24 August 2015

I, Frankenstein- Confessions of a Trope-Ridden Film

A few weeks ago, I was feeling especially down in the pretty-much-everything area. In order to cope, I flipped in Netflix. There in the queue to be watched, was I, Frankenstein. In a moment of weakness, I started the film.

Oh, I knew it would be bad. I was actually counting on it. I think I was certain that it would make me feel better about myself as a writer. Surely I can write something better than this.

And...I was so very right.

The story starts where Frankenstein leaves off--with the monster (in this case, called Adam) burying Dr. Frankenstein in his family cemetery. Once that is finished, he's attacked by demons. Lucky for Adam, the gargoyles on a nearby church are actually angels (of some sort) that are in an eternal war with the demons. Adam kills one of the demons, and the gargoyles come to investigate. They save him, then drag him to their leader.

Blah, blah, info dump, join us in our fight to save humanity, because it's the right thing to do.

Adam, "Uh, no thanks. What did humanity ever do for me? Naw, I think I'll go be angry and bitter for a few hundred years. Later."
Member of the Gargoyle Order, "Won't you take a weapon with our symbol on it? The demons might target you again, and only holy weapons can kill them."
"Don't mind if I do." Adam picks up a couple of heavy looking rods about two feet long.
Member of the Gargoyle Order, "Oh, don't take those. They're blunt and unwieldy and heavy."
Adam looks extremely satisfied as he whips them through the air with an ominous hum. "Thanks, this'll do."

Obviously that's an in-my-own-words recap. I was laughing so hard. It was like the writers opened the book of tropes and said, "Which one should we use here? We need something meaningful and *cough* deep."

Some other guy, "I got it! Let's have him choose the weapons that most resemble him. It'll be like symbolism. Fantasy fans love that stuff."

"Good. Do it. But don't make it too hard for them to figure out. Audiences aren't what they used to me."

Sadly, they skip the next 200 years and just give us a basic, Adam trudging through the world always being harassed by demons. He likes to kill them. And that's when the writers drop him in some crazy city where the headquarters of the Gargoyle Order is. Still not sure if the humans can see it or not. I somehow missed that tidbit. Adam is hanging around and he takes down a demon. The Gargoyles get all mad that he got a human killed (but not really) so they grab him and drag him in again.
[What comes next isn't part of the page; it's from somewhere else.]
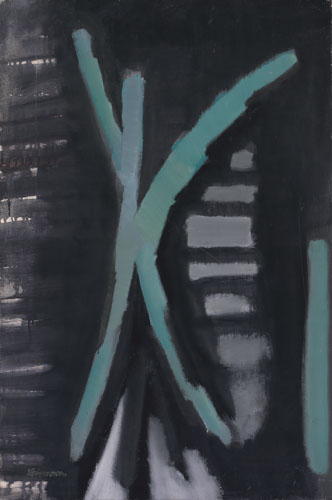 YEHUDA NEIMAN 1931 Composition, 1957 olio su tela cm. 81x54, firma in basso a...

Apparently the Queen knows he's important, but in 200 years she never tracked him. Can't be that hard when you have a bunch of minions that can fly wherever they want. Sheesh. Adam still refuses to join them, and at this point the demons really enter the story. They attack. The Queen is captured and the others are scattered. Including Adam.

The demons want Adam and/or Frankenstein's diary so they can duplicate the process that brought Adam to life, so that all of the demons the Gargoyles have banished to the underworld can be resurrected into bodies that the Demon Prince (king? Lord? Whatever.) has been gathering for a while. Everyone's got to have a hobby, right?

Seriously, the plot had promise, but the stringing of tropes like popcorn on one of those Christmas tree swags killed every bit of it.

So the queen is captured. Adam goes to get her back. She's all helpless and whatever. Stuff happens. She's saved and I think Adam gets caught by the demons. Doesn't matter.

Fast-forward to the end of the film. Adam goes and gets the Gargoyle's all riled up so they follow him to where the Demon Dude has the bodies stashed. At this point, the stupid queen reveals that she transforms into a bad a** Gargoyle that leads her followers into battle.

Why in the he** didn't she transform when her citadel was under attack the first time and kick the demons trash? Hmmm? It's like the writers didn't even bother to read the whole story at once so they could catch obvious (and stupid) errors like that.

There's plenty more.

I finished the movie, and since my expectations were low, I thought, "It could have been worse."

I'm happy to say that it did, indeed, make me feel better about my own writing. I have mean editor friends who catch that dumb stuff for me. I am more and more grateful to them every day.

Did anyone else spot a trope in the film that they'd like to share?